Essential
You will have:
• Experience working across distributed processing, traditional RDBMS, MPP and NoSQL database technologies.
• Strong background with ETL and data warehousing tools such as Informatica, Talend, Pentaho or DataStage.
• Hands‑on experience with Hadoop, Spark, Storm, Impala and related platforms.
• Strong understanding of RDBMS concepts, ETL principles and end‑to‑end data pipeline development.
• Solid knowledge of data modelling techniques (ERDs, star schema, snowflake schema).
• Experience with AWS services including S3, EC2, EMR, RDS, Redshift and Kinesis.
• Exposure to distributed processing (Spark, Hadoop, EMR), RDBMS (SQL Server, Oracle, MySQL, PostgreSQL), MPP (Redshift, Teradata) and NoSQL technologies (MongoDB, DynamoDB, Cassandra, Neo4J, Titan).
• Experience designing and building streaming pipelines using tools such as Kafka, Kafka Streams or Spark Streaming.
• Strong proficiency in Python and at least two of: Scala, SQL or Java.
• Experience deploying production applications, including testing, packaging, monitoring and release management.
• Proficiency with Git‑based source control and CI/CD pipelines, ideally GitLab.
• Strong engineering discipline including code reviews, testing frameworks and maintainable coding practices.
• Master’s degree in Computer Science, MIS, Engineering or a related field.
• At least 10 years’ experience in Data Engineering or Architecture.
• Experience working within DevOps, Agile, Scrum or Continuous Delivery environments.

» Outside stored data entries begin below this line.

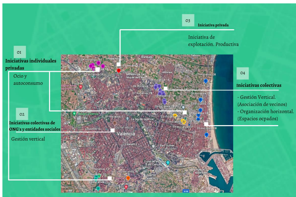
Figura 3. Mapa de iniciativas de agricultura urbana de Valencia diferenciadas a partir del espacio que ocupan y de su organización
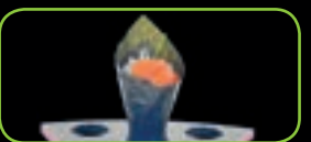
46. Sake zalm
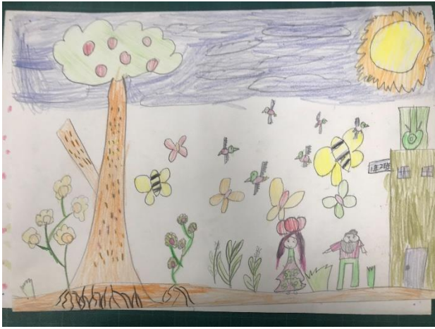
一年級/ 校園活動創作
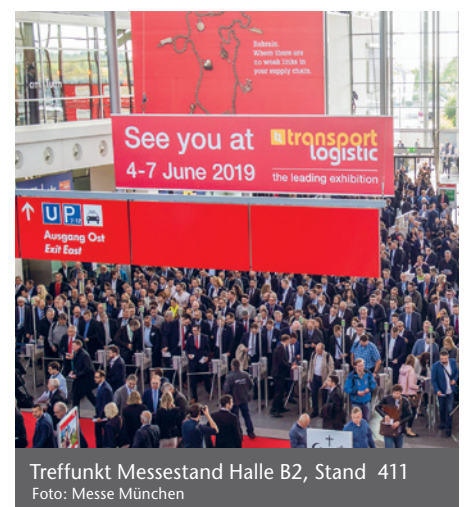
Treffpunkt Messestand Halle B2, Stand 411

Bitte planen Sie Ihren Messetermin schon heute mit Med-X-Press 05321-31130-0 vertrieb@med-x-press.de
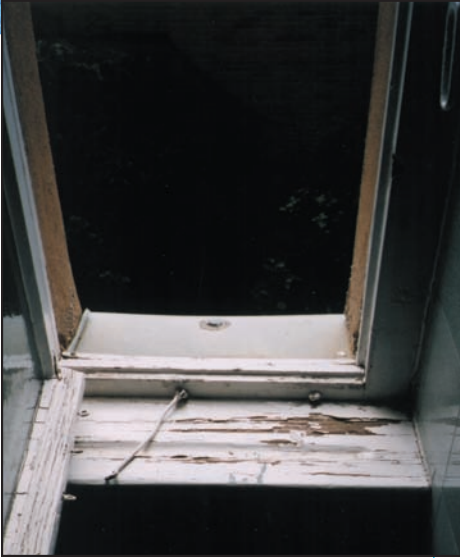
Ventana con fugas - el moho está empezando a crecer en el marco de madera y en el apoyo de la ventana.

Si ya tiene un problema con el moho — ACTÚE RÁPIDAMENTE.
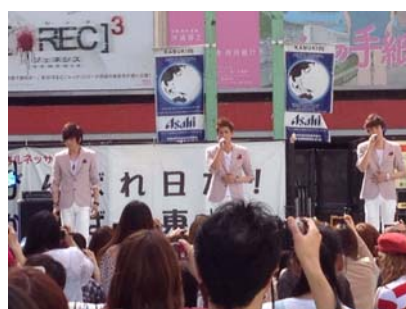
シネシティ広場のイベントに出演するK-POP タレント
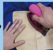
当て布をして裏表ともアイロンし貼りついたら完成です。
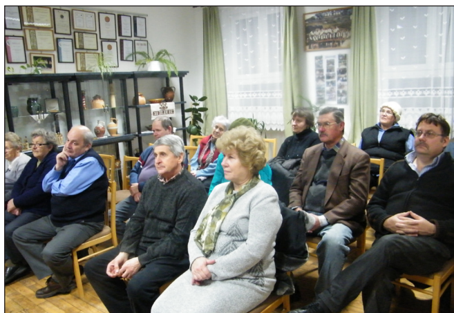
A közmeghallgatáson megjelentek

zött elkülönített keret, valamint a költségvetési törvényben az adóssághoz tartozó konszolidációban nem érintett önkormányzatok fejlesztéséhez nyújtott támogatás biztosíthat forrást. 2014. évre is sok-sok programmal készülnek a sitkeiek számára: a már hagyományosnak mondható mesemondó délutánnal, operett gálával, petanque versennyel és adventi programokkal.
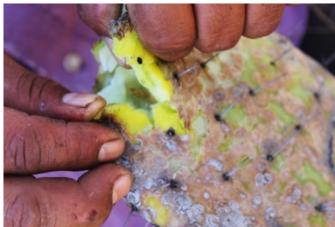
Imagen 5. Enfermedad nopal-fruta en San Juan Solís, San Agustín Tlaxiaca.

generalidad de las huertas sobrepasa los diez años, son de talla grande, se acercan al límite de altura y cobertura, requiere poda de rejuvenecimiento ( \approx 2 m de altura y 3 m de diámetro) antes de que se empiece a dificultar la cosecha y el tránsito entre las hileras de la huerta. Este tipo de poda es el más costoso por el volumen de material vegetativo que hay que remover, el retraso y la reducción de la producción atribuible a la recuperación de la estructura productiva de la planta (Mondragón y Ávila, 2013).
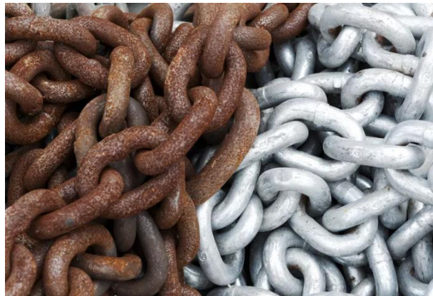
Mchoro wa 3. Mfano wa mabadiliko ya kikemikali kwa jinsi minyororo ya chuma inapata kutu kadiri ya muda unavyosonga. Minyororo iliyo upande wa kushoto imeshika kutu. Minyororo ya kulia haina kutu kwa sababu ina mipako maalum ambayo

Wakati nyama ya tufaha inapogeuka kahawia, inapata mabadiliko ya kikemikali. Tazama mfano wa mabadiliko haya ya kikemikali kwenye Mchoro wa 2. Uwekaji kahawia wa tufaha hauwezi kubatilishwa. Mfano mwingine wa mabadiliko ya kikemikali ni kutu, ambayo hutokea wakati metali fulani, kama chuma, huachwa nje na kuathiriwa na hewa na maji kwa muda. Tazama mfano wa minyororo yenye kutu kwenye Mchoro wa 3. Kama vile tufaha inavyotia rangi kahawia, kutu haiwezi kutenguliwa.
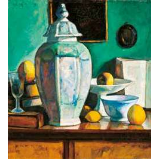
4. Czigány Dezső: Csendélet fedeles vázával, 1920 körül Magyar Nemzeti Galéria, Budapest

A közgyűjteményben lévő festmény és a most aukcióra kerülő kép tárgyegyüttese és komponálási módja hasonló, a festésmódjuk viszont egészen különböző. Míg a múzeumi darabon a hideg, mesterséges világítás figyelhető meg, addig a most felbukkant képen megjelenő tárgyak az ablakon beözönlő, intenzív nyári napsütésben pompáznak. Ennek megfelelően a festésmód is eltérő, a fényárban úszó tárgyak kontúrjai felolvadni látszanak, a nyári gyümölcsök pedig, kis túlzással szinte a néző szeme láttára érnek még zamatosabbá. A fény megpróbál birakra kelni a tárgyak Czigány által erőteljesen hangsúlyozott plasztikájával, és éppen ez a feszültség biztosít különleges ízt és egyedi jellemzőket, még az azonos műcsoporton belüli daraboknak is.
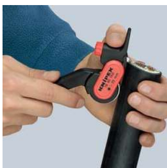
Nasazení nářadí pro odstřížení v podélném směru
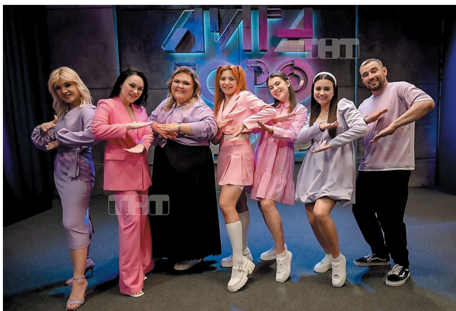
«Город красивых девушек» во время съемок проекта.

В первом отборочном туре приняли участие 62 команды из 73 городов России, Беларуси и Казахстана. Во второй тур прошла только половина команд. Далее состоится этап баттлов, в котором между собой будут соревноваться коман-
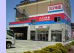
RS型 戸田店 6/16 OPEN
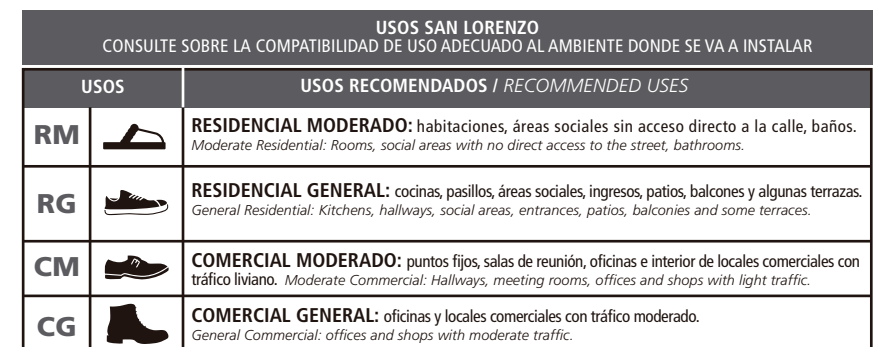
TABLA DE USOS
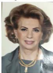
"العش الواحد في لبنان"
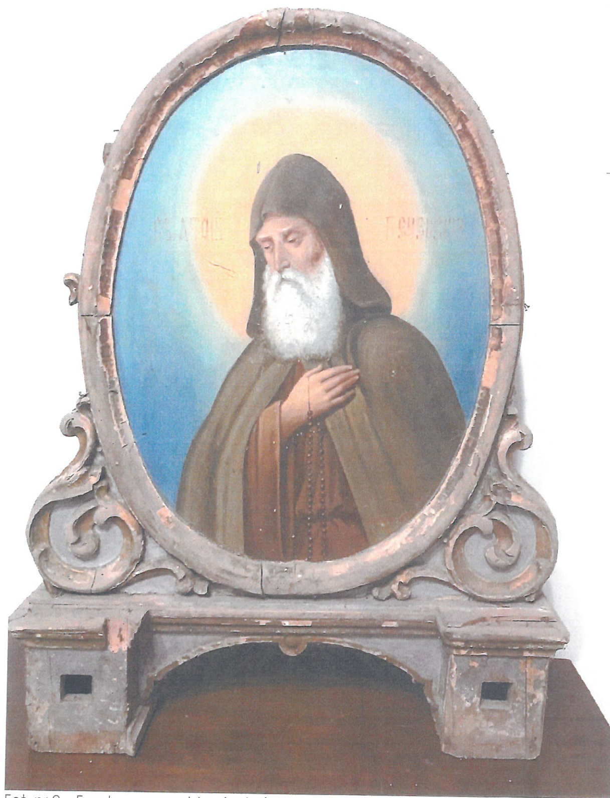
Fot. nr 2 – Feretron – przedstawienie św. Antoni Pęczerski – stan przed konserwacją.
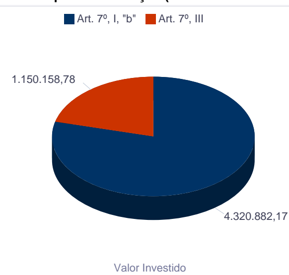
Valor Investido por Classificação (Res. CMN 3922/2010)

Valor Investido 5.471.040,95 Anexo XIV 5.471.040,96 Variação -0,01
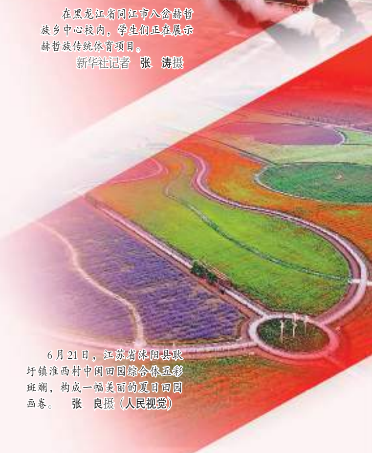
在黑龙江省同江市八岔赫哲族乡学校内，学生们正在展示赫哲族传统体育项目。
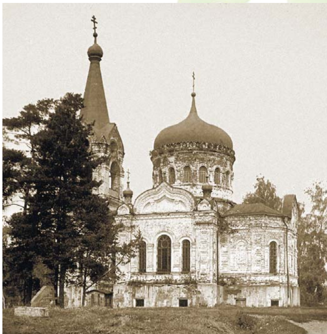
Троицкий храм села Троицкое. Середина XX века
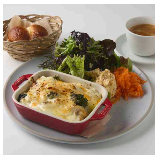
PLATE LUNCH プレートランチ 11:00-14:30 L.o.

Coffee or Tea or Herb Tea or Orange Juice
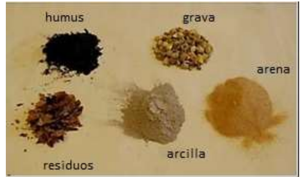
La Earthlearningidea “Haz tu propio suelo”. (Elizabeth Devon).

R. Plante algunas semillas en el suelo y observe cómo crecen los días y semanas siguientes.
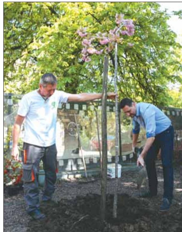
Faültetés a Vuk játszótéren
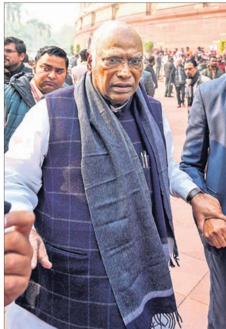
ପାର୍ଲିମେଣ୍ଟ ପରିସରରେ ସ୍ୱରାଷ୍ଟ୍ରମନ୍ତ୍ରୀ ଅମିତ ଶାହାଙ୍କ ବିରୋଧରେ କଂଗ୍ରେସ୍ ଅଧ୍ୟକ୍ଷ ମଲ୍ଲିକାର୍ଜୁନ ଖାର୍ଗେଙ୍କ ବିକ୍ରୋଧ।
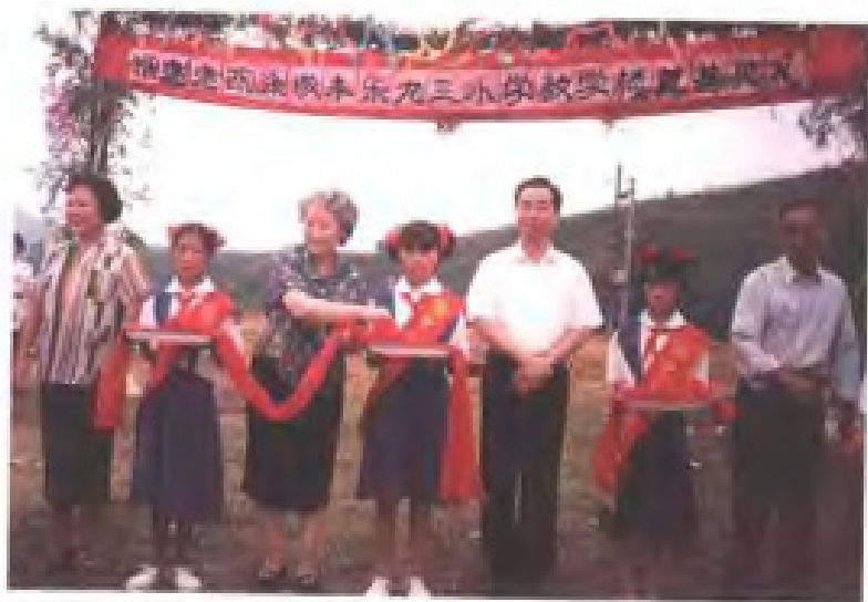
福建九三学社与建瓯市共建的丰乐 九三小学教学楼奠基

• Ability to mentor team members and support capability development across teams.
• Strong communication, listening and influencing skills.
• High levels of motivation, adaptability and problem‑solving capability.
Preferred
• Experience with structured, semi‑structured and unstructured data.
• Understanding of data governance, lineage and data quality approaches.
• Experience with Infrastructure‑as‑Code tools such as Terraform.
• Exposure to workflow orchestration tools like Azkaban, Luigi or Airflow.
• Experience enabling data consumption through APIs, event streams or data marts.
• Experience with MuleSoft, Solace or StreamSets.
Bonus
• Experience in the mining or resources sector.